Prob 2: Suppose $A$ has have eienvalue whose algebraic multiplicity is more than $1$. I wonder if there is a upper bound of $\beta$. If there is, is it $\min_i\sigma_i^2$?
Any help is appreciated!
In all cases, $\min_i |\lambda_i|^2$ is an upper bound to $\beta$ (regardless of the multiplicity of the eigenvalues of $A$).
First, Suppose that $\lambda \in \Bbb R$ is an eigenvalue of $A^T$ and that $v \in \Bbb R^n$ is an associated eigenvector. For $t \in \Bbb R$, let $P_t = vv^T + tI$. Note that $P_t > 0$ for all $t > 0$. We note that $$ L_A(P_t) - \beta P_t = A^Tvv^TA - \beta vv^T + t(A^TA - \beta I) \\ = (\lambda^2 - \beta) vv^T + t(A^TA - \beta I). $$ This matrix must be positive semidefinite for all $t > 0$. Because the limit of positive semidefinite matrices is positive semidefinite, taking the limit of the above as $t \to 0^+$ allows us to conclude that $(\lambda^2 - \beta)vv^T$ is positive semidefinite, which can only occur if $\beta \leq \lambda^2$.

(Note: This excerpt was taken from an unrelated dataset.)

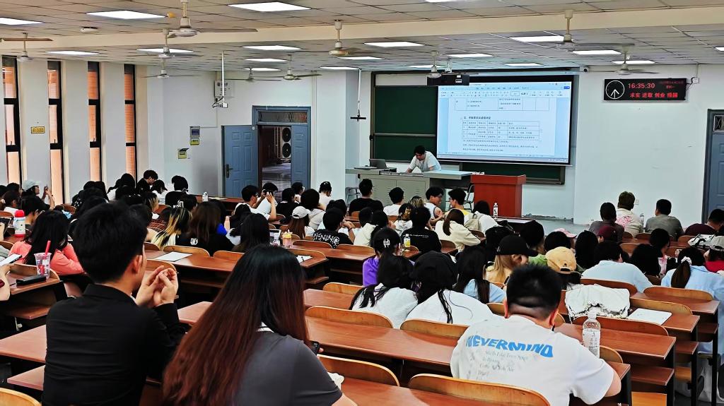 (通讯员:柴攀)为助力员工职业规划,了解行业最新动态,2025年4月28日下午4时,武汉洋气文化传媒有限公司负责人辜成昊一行受邀在教学楼B座107教室为太阳成集团tyc122cc22级、23级员工举行了校园宣讲会。公司常务副经理郑瑞丰、播音与主持艺术专业柴攀、韩雅茜老师以及120余名员工参加了活动。

Now, suppose that $\lambda = a + bi$ with $b \neq 0$ is an eigenvalue of $A^T$, and that $v = x + iy$ (with $x,y \in \Bbb R^n$) is an associated eigenvector. Note that $$ A^T(x + iy) = (a + bi)(x + iy) = (ax - by) + i(bx + ay) \implies\\ A^Tx = ax - by, \quad A^Ty = bx + ay. $$ Using this fact, verify that $$ L_A(xx^T + yy^T) = (a^2 + b^2)(xx^T + yy^T) = |\lambda|^2 (xx^T + yy^T). $$ With that established: for $t > 0$, let $P_t = xx^T + yy^T + tI$. We find that $$ L_A(P_t) - \beta P_t = (|\lambda|^2 - \beta)(xx^T + yy^T) + t(A^TA - \beta I). $$ This matrix must be positive semidefinite for all $t > 0$. Because the limit of positive semidefinite matrices is positive semidefinite, taking the limit of the above as $t \to 0^+$ allows us to conclude that $(\lambda^2 - \beta)vv^T$ is positive semidefinite, which can only occur if $\beta \leq |\lambda|^2$.
Thus, we conclude that $\beta \leq |\lambda_i|^2$ for all $i$, which means that $\min_i |\lambda_i|^2$ is indeed an upper bound for $\beta$.